■ What needs to be done ■
From the first line to the last, copy the material exactly and leave the pictures out.

■ Dataset ■
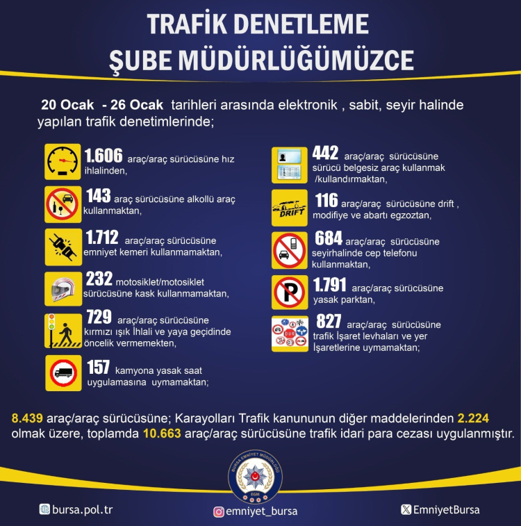 Bursa Emniyet Müdürlüğü tarafından yapılan paylaşımda 20 - 26 Ocak tarihleri arasında elektronik, sabit, seyir halinde trafik denetimleri gerçekleştirildiğini açıkladı.
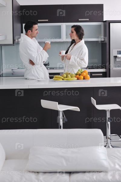 Молодая пара пьет кофе утром на кухне
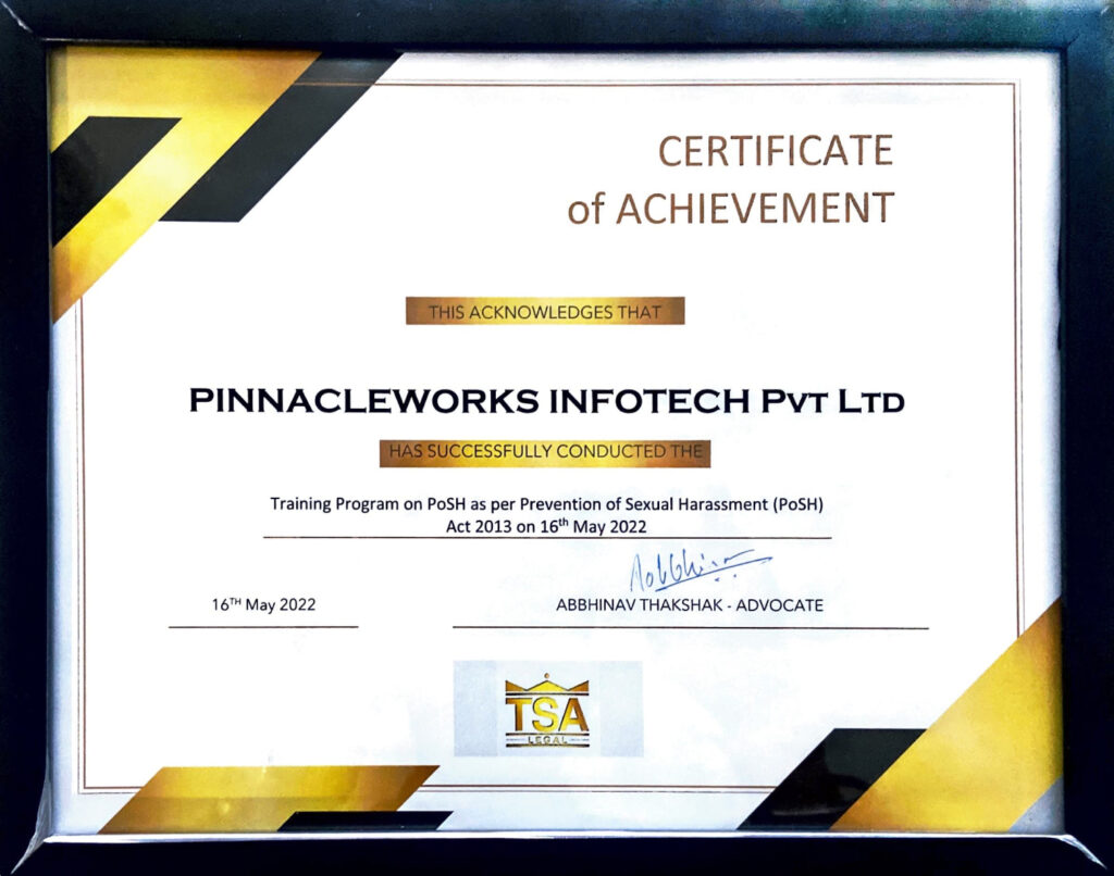 Award for Training on PoSH Per prevention of Sexual Harassment
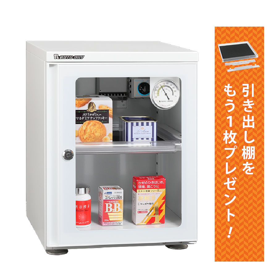 【特別企画】東洋リビング防湿庫 オートドライ ED-41WA+引き出し棚もう1枚セット!
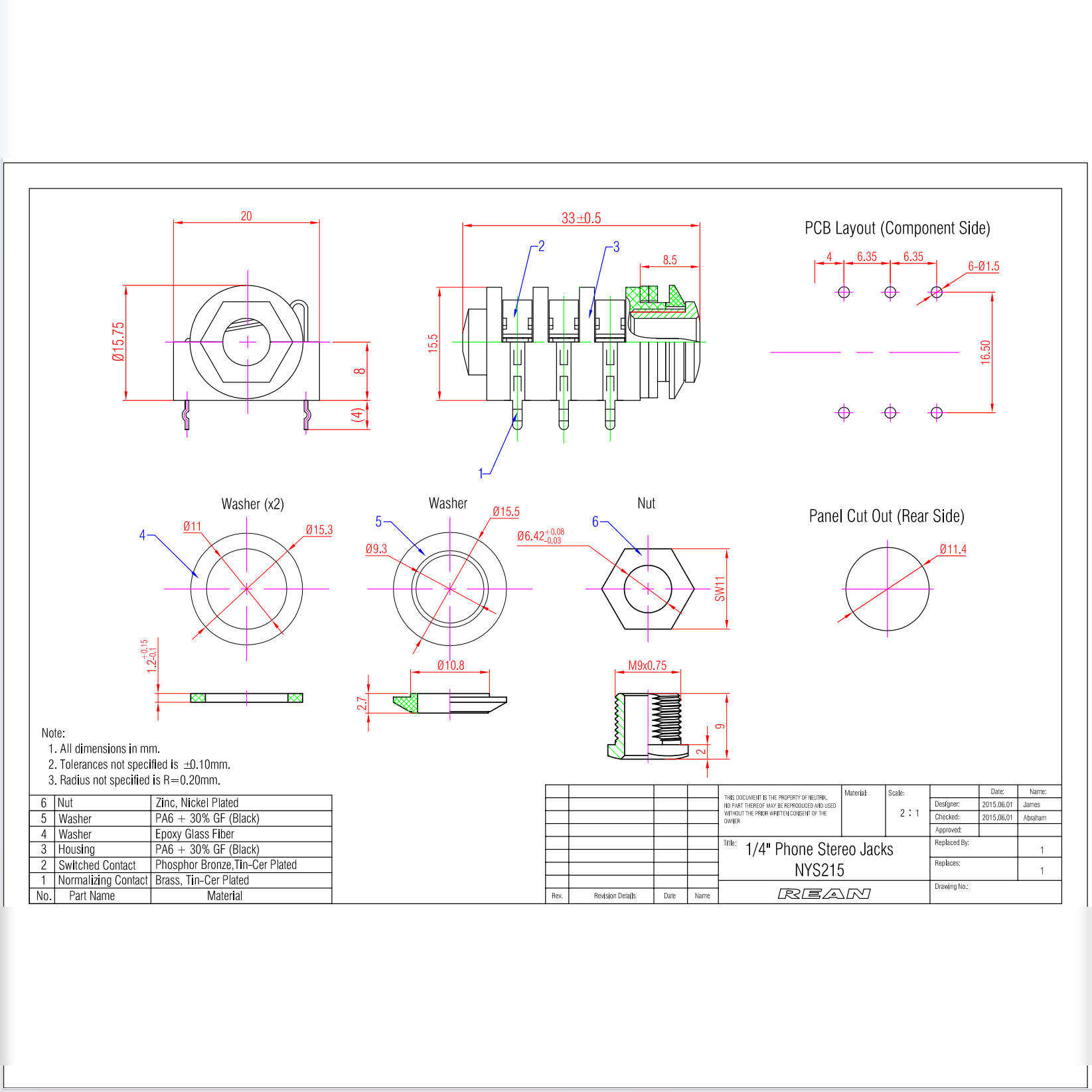 REAN原装全镀金耳机插座6.35mm口径 兼容6.5MM底座PCB焊接

■ Solution to this exercise ■
 Bursa Emniyet Müdürlüğü tarafından yapılan paylaşımda 20 - 26 Ocak tarihleri arasında elektronik, sabit, seyir halinde trafik denetimleri gerçekleştirildiğini açıkladı.
 Молодая пара пьет кофе утром на кухне
 Award for Training on PoSH Per prevention of Sexual Harassment
 【特別企画】東洋リビング防湿庫 オートドライ ED-41WA+引き出し棚もう1枚セット!
 REAN原装全镀金耳机插座6.35mm口径 兼容6.5MM底座PCB焊接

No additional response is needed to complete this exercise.